DESCRIPTION OF THE TASK.
Every entry should be repeated exactly. Omit the pictures.

INFORMATION SHOWN.

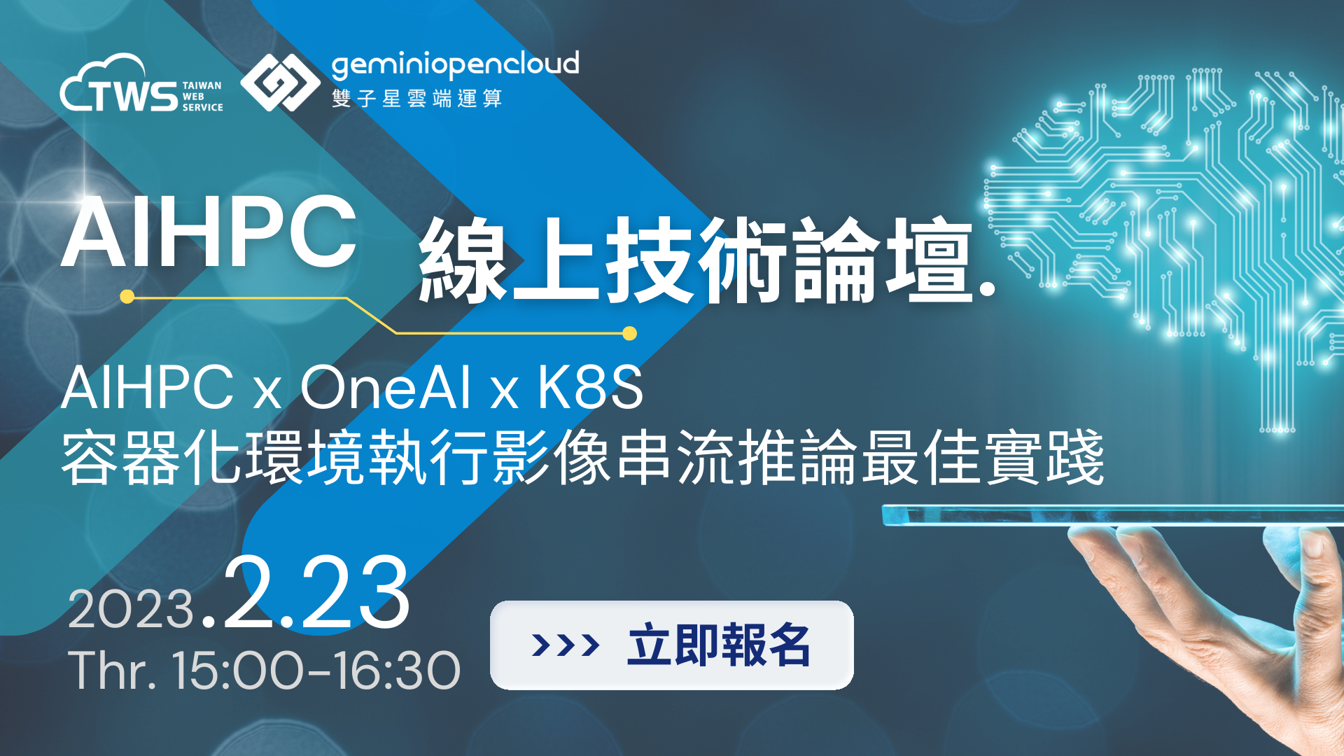 AIHPC x OneAI x K8S,報名 2/23 AIHPC 線上技術論壇,以雲原生推動轉型,縮減團隊 AI 作業流程,驅動產業應用和商機拓展!
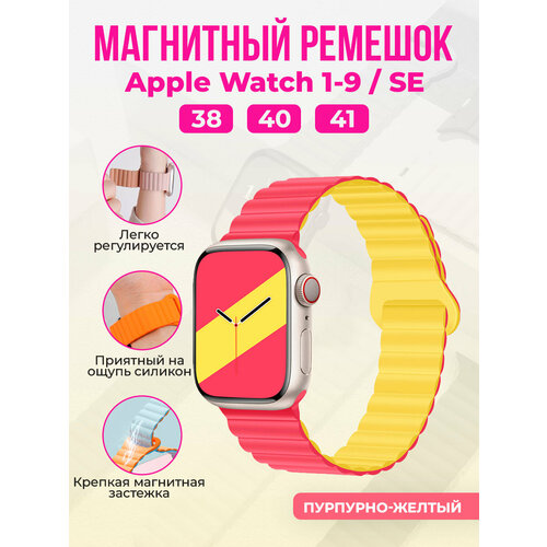 Магнитный силиконовый ремешок для Apple Watch 1-9 / SE (38/40/41 мм), пурпурно-желтый
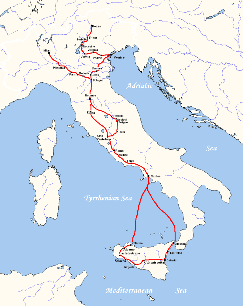 Mi ćemo na ovom mestu izostaviti detalje i opise koji su se ticali putovanja od Karlsbada do Brenera (3-14. septembar 1786.), od Verone do Venecije (16-27. septembar 1786.), boravak u Veneciji (od 28. septembra do 14. oktobra 1786.), putovanje od Ferare do Rima (Ferara, Čento, Bolonja, Peruđa, Folinjo, Terni, Čita Kastelana, gradovi koje je Gete obilazio od 16. do 28. oktobra 1786.) i samo ćemo se zadržati na pesnikovom boravku u Večnom gradu koji je započeo 1. novembra 1786. a koji je prekinut 21. februara 1787. godine da bi nastavio put ka jugu, ka Napulju (od 22. februara do 29. marta 1787.) i, kasnije, Siciliji (od 29. marta do 14. maja 1787). Odatle se Gete vraća za Napulj, gde boravi po drugi put (od 17. maja do 6. juna 1787.) i odakle, najzad, odlazi po drugi put u Rim (taj deo putovanja nije u izdanju koje smo mi koristili za ovu priliku).
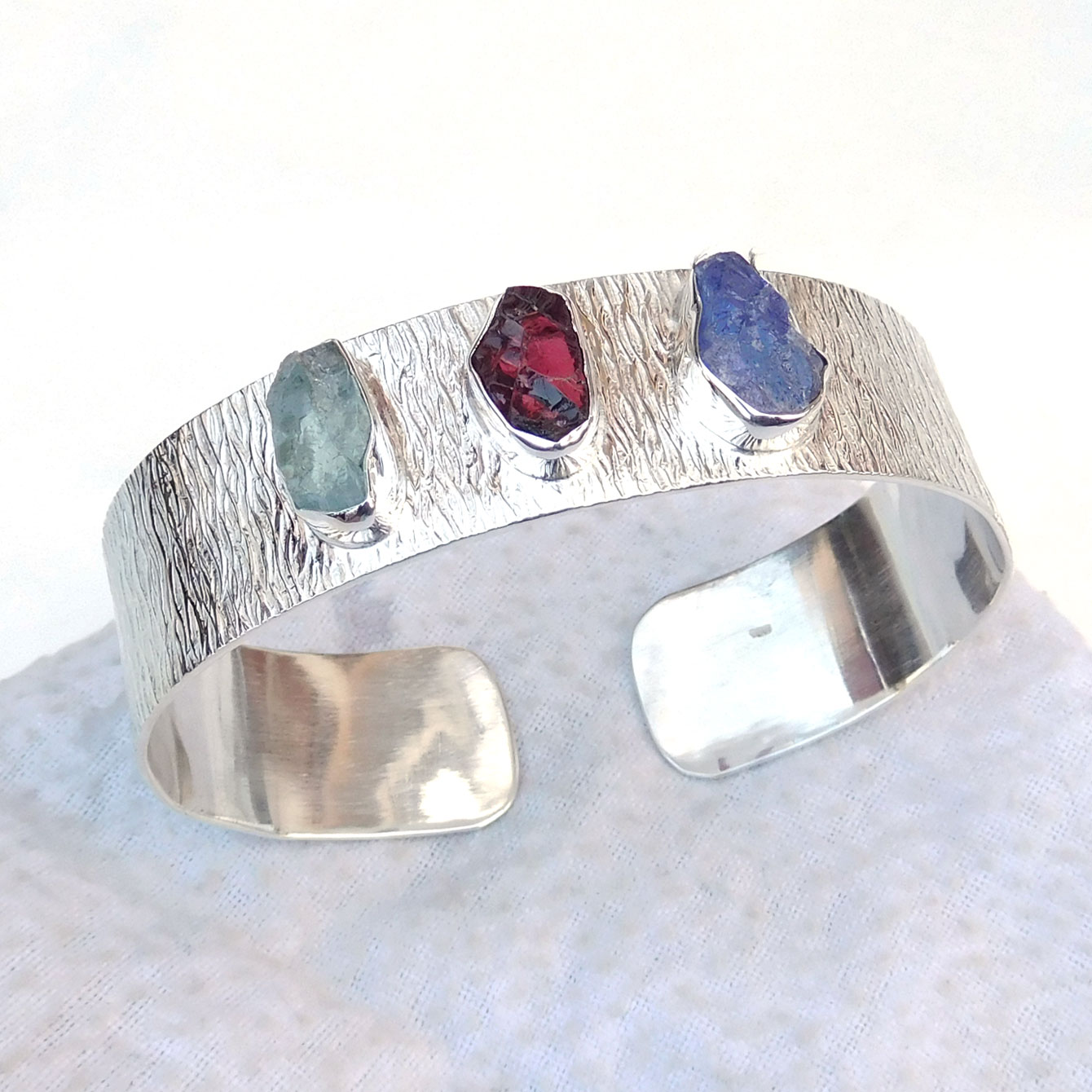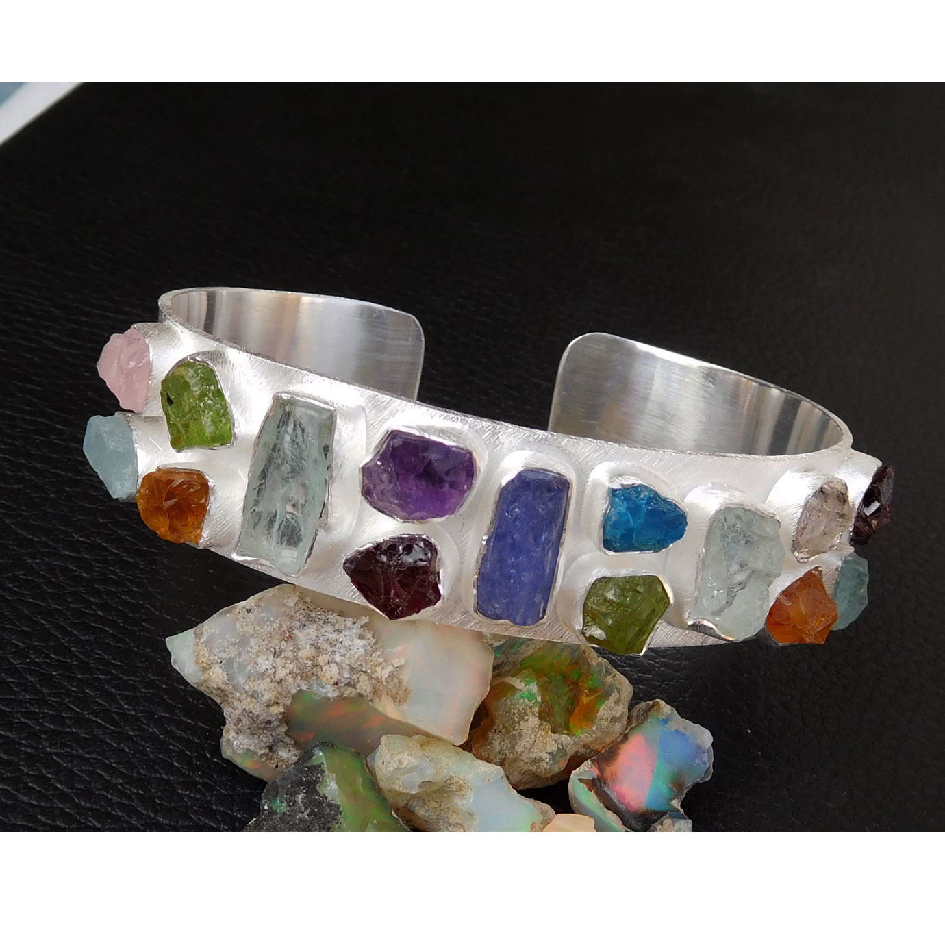 Cuff Bracelet Natural Multi Raw gemstone Bracelet 925 Sterling Silver Matte-BN05
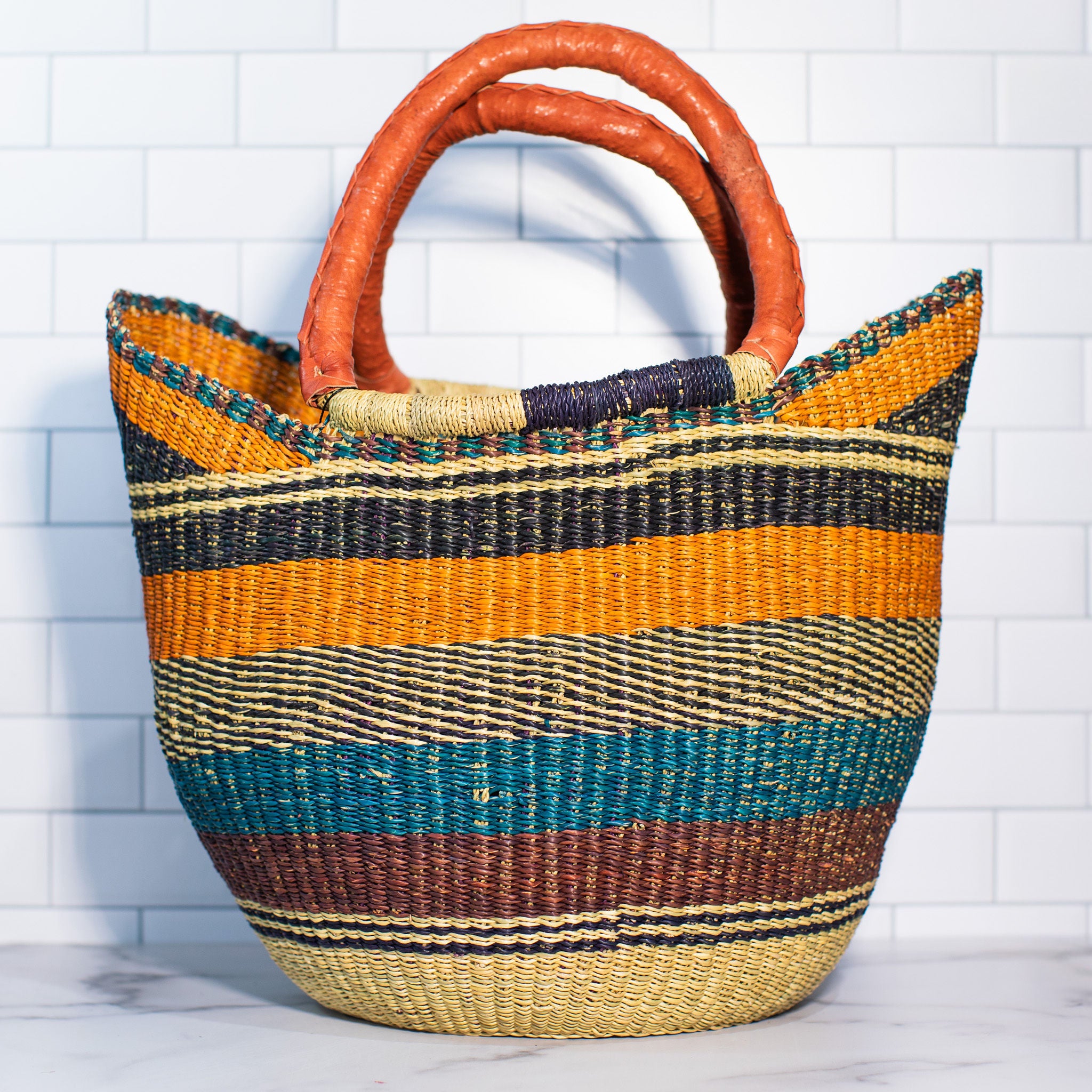 Handwoven from elephant grass and finished with a sturdy leather handle, each basket is beautiful and unique - just like the women and girls who weave them. Made in Ghana, this basket supports fair trade practices, ensuring that each purchase makes a positive impact on the lives of the artisans who create them.

TASK RESPONSE.
 AIHPC x OneAI x K8S,報名 2/23 AIHPC 線上技術論壇,以雲原生推動轉型,縮減團隊 AI 作業流程,驅動產業應用和商機拓展!
 Магнитный силиконовый ремешок для Apple Watch 1-9 / SE (38/40/41 мм), пурпурно-желтый
 Mi ćemo na ovom mestu izostaviti detalje i opise koji su se ticali putovanja od Karlsbada do Brenera (3-14. septembar 1786.), od Verone do Venecije (16-27. septembar 1786.), boravak u Veneciji (od 28. septembra do 14. oktobra 1786.), putovanje od Ferare do Rima (Ferara, Čento, Bolonja, Peruđa, Folinjo, Terni, Čita Kastelana, gradovi koje je Gete obilazio od 16. do 28. oktobra 1786.) i samo ćemo se zadržati na pesnikovom boravku u Večnom gradu koji je započeo 1. novembra 1786. a koji je prekinut 21. februara 1787. godine da bi nastavio put ka jugu, ka Napulju (od 22. februara do 29. marta 1787.) i, kasnije, Siciliji (od 29. marta do 14. maja 1787). Odatle se Gete vraća za Napulj, gde boravi po drugi put (od 17. maja do 6. juna 1787.) i odakle, najzad, odlazi po drugi put u Rim (taj deo putovanja nije u izdanju koje smo mi koristili za ovu priliku).
 Cuff Bracelet Natural Multi Raw gemstone Bracelet 925 Sterling Silver Matte-BN05
 Handwoven from elephant grass and finished with a sturdy leather handle, each basket is beautiful and unique - just like the women and girls who weave them. Made in Ghana, this basket supports fair trade practices, ensuring that each purchase makes a positive impact on the lives of the artisans who create them.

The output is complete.